Exercise brief -> The whole listing should be retyped word for word, apart from the pictures it holds.
** Dataset section follows **
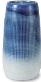
653-104-573 2,900円 布目白花瓶 (9×22)
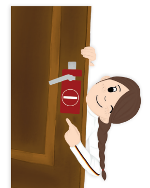
Recht auf Privatleben..
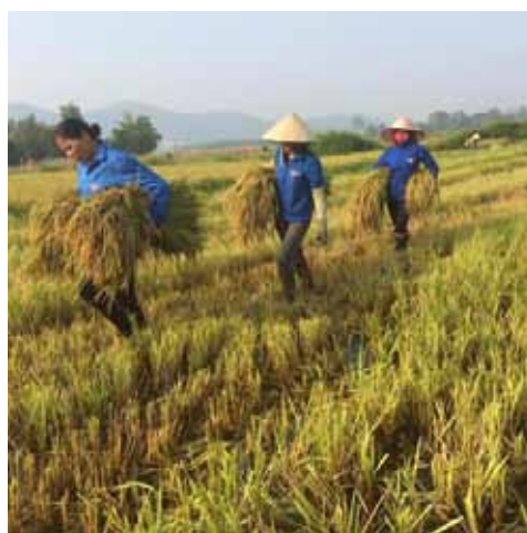
ĐVTN giúp dân thu hoạch mùa

- Đoàn thanh niên tham gia xây dựng nông thôn mới:
** End of Dataset section **
Output for this exercise ->
653-104-573 2,900円 布目白花瓶 (9×22)
Recht auf Privatleben..
ĐVTN giúp dân thu hoạch mùa

- Đoàn thanh niên tham gia xây dựng nông thôn mới:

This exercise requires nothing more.